Interlude: Saturday, June 15, 2024: Fayetteville, Arkansas
Roy ‘Ace’ Rom, died peacefully in his sleep at the age of 102. His children (Cristine, Gretchen, Curt, and me) were at his side during his final hours.
Interlude: Sunday, June 23, 2024: McLean, Virginia to Detroit, Michigan
I drank my last intoxicating beverage one year ago today. I’ve now been sober for a full year – my longest stretch of sobriety in fifty years. When I was in Arkansas, I was given a One Year chip from my recovery meeting there. It’s generally considered verboten to accept a chip before it is fully earned; after all, on day 360 there is no guarantee that I would make it to 365.

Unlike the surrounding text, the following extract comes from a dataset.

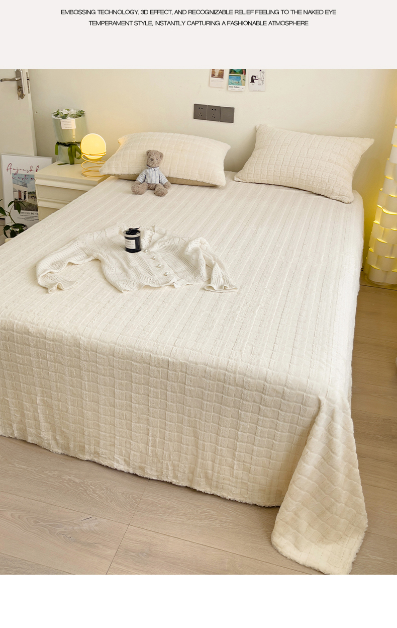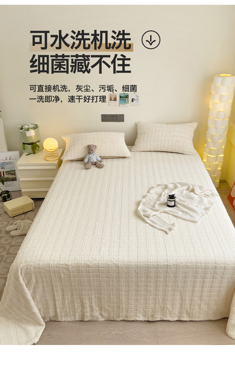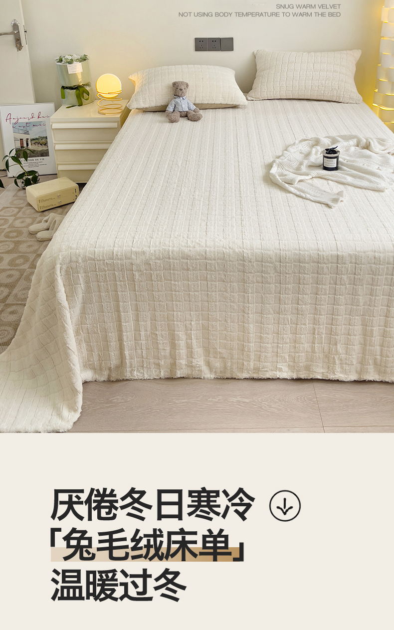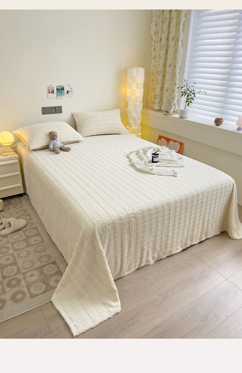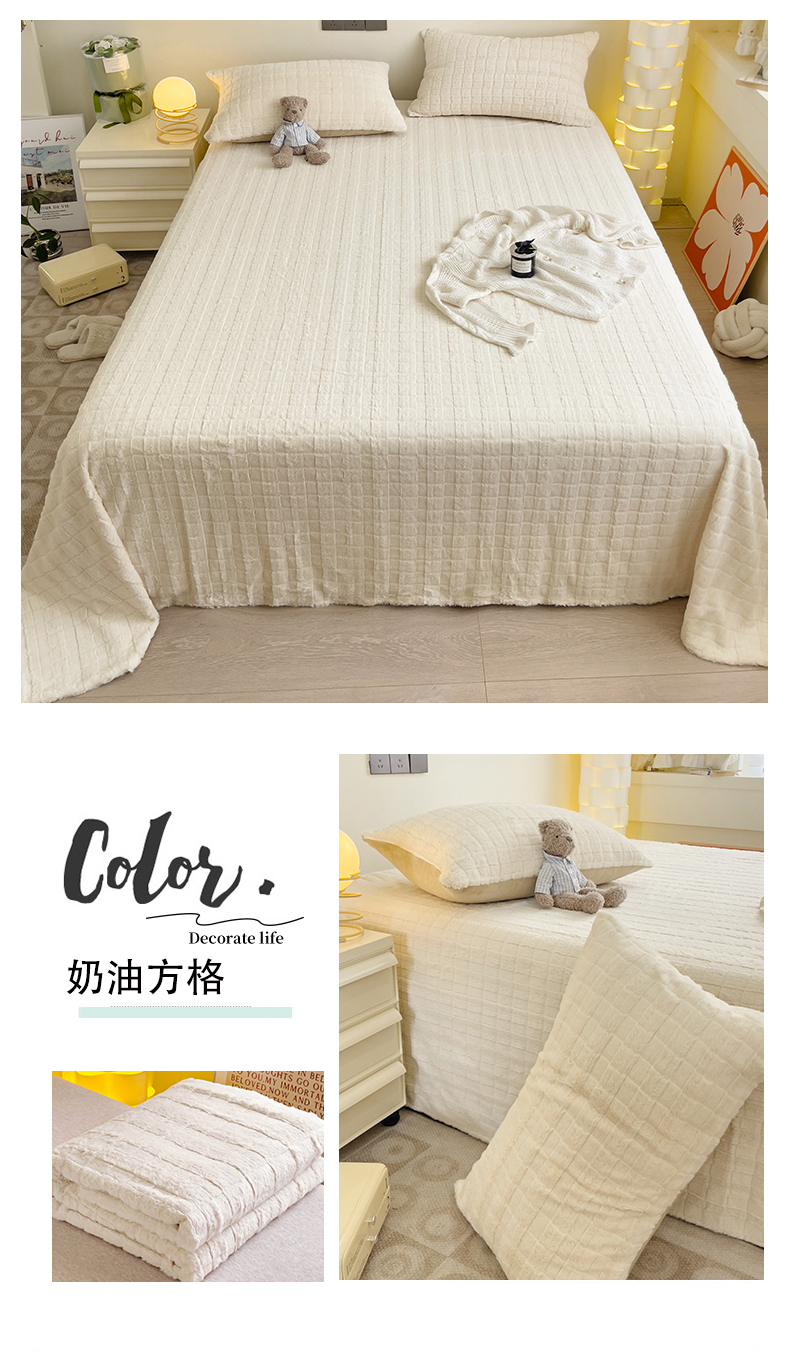 • 91家纺网 家纺一手货源 找家纺 名兮家居 2025新款立体加厚仿兔绒床单床笠单件 奶油方格

The previous Friday I attended an “Eclipse” party (guests wore black, with glow-in-the-dark gold hoops around their necks) for my Rotary Club. It was great to see my Rotary friends, and a couple of them commented on my smooth dancing. My dancing was smooth because I wasn’t really dancing; I was just doing small movements so as not to inflame my hips. Smooth, indeed. At the end of the party, I was chatting with my buddy Karl (my Rotary Godfather) and he asked
“So, how was it?”
“What do you mean?”
“You know, being around everyone who is drinking.”

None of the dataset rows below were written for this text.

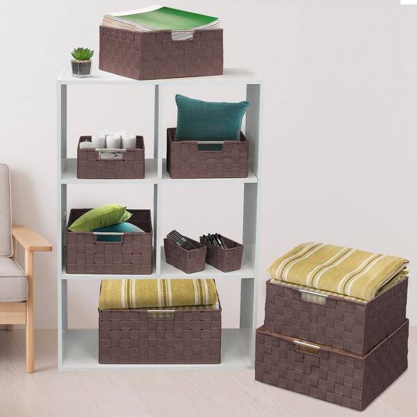 Storage Baskets for Organizing, Brown 15 in. x 7 in. Plastic Decorative Basket Set of 9, Mesh Linen Closet Organizer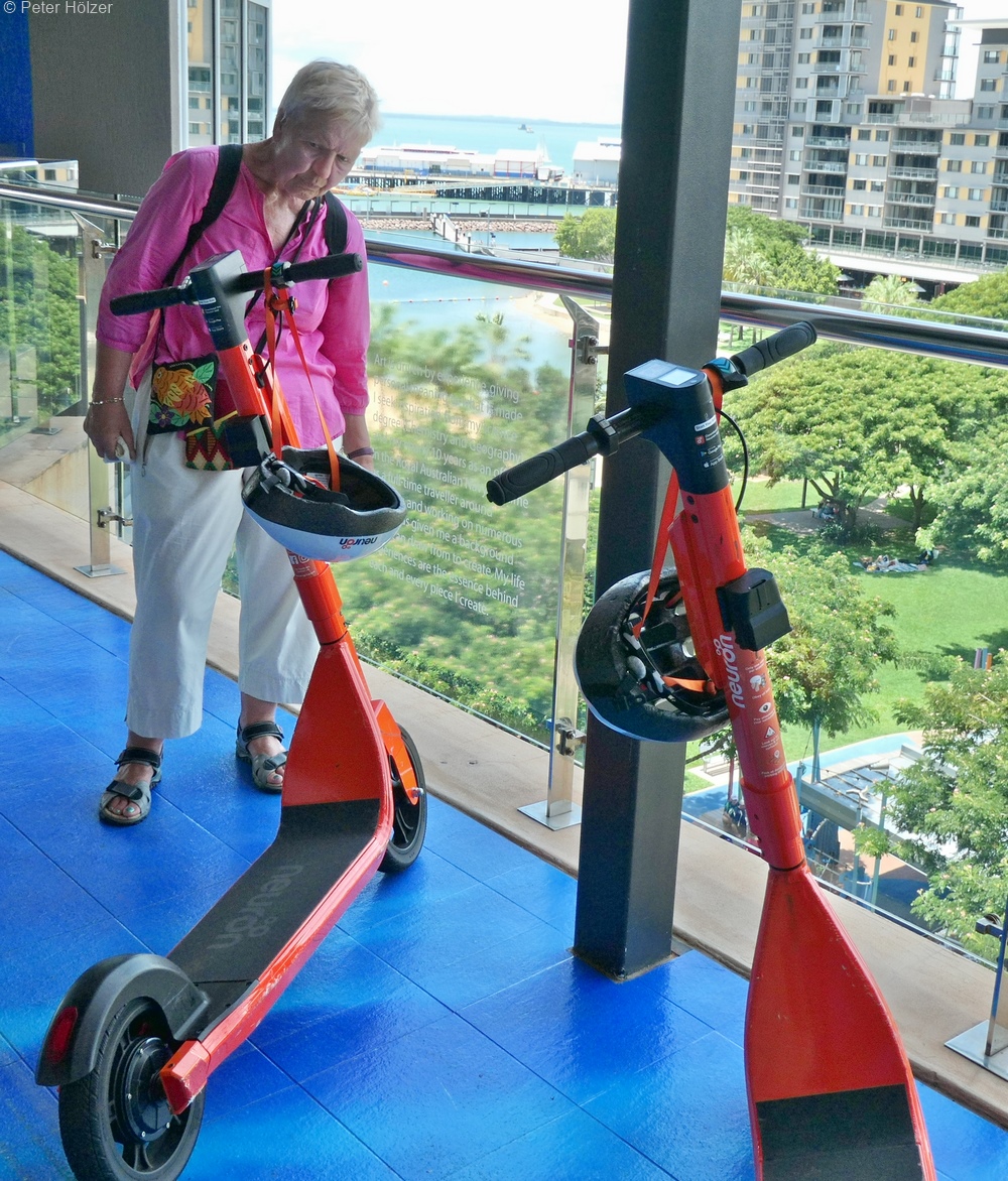 Auf der ARTANIA konnten wir erst mal in Ruhe die für das Freischalten der Scooter notwendige App auf unsere Smartphones laden und nachlesen wie man bezahlt (automatische Abbuchung per Paypal oder Kreditkarte durch die App) und wie das ganze Procedere zum Fahren überhaupt funktioniert und was es kostet. Ganz billig ist der Spaß nicht. Einen Dollar Grundgebühr plus 38 Cent für jede angefangene Minute. Da kommt man auf einen Stundenpreis von fast 24 $ (16 €) pro Person, in Summe für uns beide also 32 €. Dafür konnte man auf Bali 3 Stunden Taxi fahren. Aber was soll’s. Australien ist kein Billigland und zum Ausprobieren muss man ja nicht gleich so lange fahren.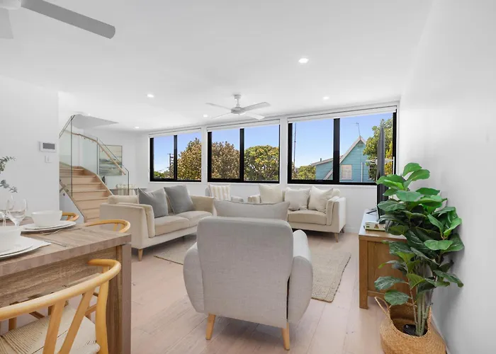 Esta casa de vacaciones, situado en el distrito Burleigh Heads, se encuentra a una distancia de 2 km del Parque nacional Burleigh Head y al alcance de lugares de compras como los Mercados del Pueblo. La villa está situada a poco más de 10 minutos en coche del Parque de Vida Silvestre David Fleay, mientras que la estación de autobuses Gold Coast Hwy at Third Avenue está a tan solo 5 minutos a pie. Entre los lugares de interés educativo a una distancia de 3 km de la villa Spacious 3Br Beach Townhouse With Parking Plus Views se incluye la Universidad Bond.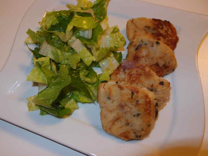 und heute die restlichen semmelknödel in der pfanne gebraten und salat dazu.

At that moment I realized something super important for my recovery. I hadn’t paid any attention to the drinking. I had brought three bottles of sparkling water for myself and others and otherwise hadn’t given it a second, or even a first, thought. In the first few months of sobriety, I was obsessed with watching others drink, what they were drinking, and how much they had drunk. This is meta: not only did I not notice others drinking, I didn’t notice that I didn’t notice until Karl brought it to my attention. Bonus realization: I can’t remember the last time I had a drinking dream. Ok, I did have a brief moment of panic. I had put down my cup of sparkling water on a table while I was “dancing,” and afterwards I picked it up and took a swallow. When the liquid hit my lips, I thought “hmm, my cup didn’t have ice in it” and realized that I had picked up someone else’s cup by mistake. I almost spit it out, until my taste buds alerted me to the fact that it was indeed only sparkling water.
The Admirals Club is quiet on this Sunday evening. The lights are dim on my side of the lounge, where most individuals are sitting in plush chairs and reading. No laughter or business chat is filling the air. It looks like more people are drinking water and tea than beer or wine. It’s a school night, after all.
I’m feeling a bit discomfited. We all held Ace’s hand after he died and wept for about an hour. Then, being Roms, we took action because we are people of action (and I suspect it also soothes everyone’s grief and anxiety). I spent June 14-17 in Fayetteville, and then flew to McLean for a previously arranged visit. It gave me a chance to catch up with Ayse and Rotary friends, and I attended several recovery meetings at my home club.
While here, I felt reality’s weight. While traveling in Goldfinger, I don’t: I live in a carefree bubble. I write, drive, visit libraries, work out, and watch Netflix. It’s quite a simple life, and I enjoy it. No one troubles me. I’m troubled only by the news I read before breakfast – the state of the world sucks, and I don’t avoid the suckiness entirely. While traveling, the realities of what I have done and its continued consequences do not trouble me. When I’m back home, they do.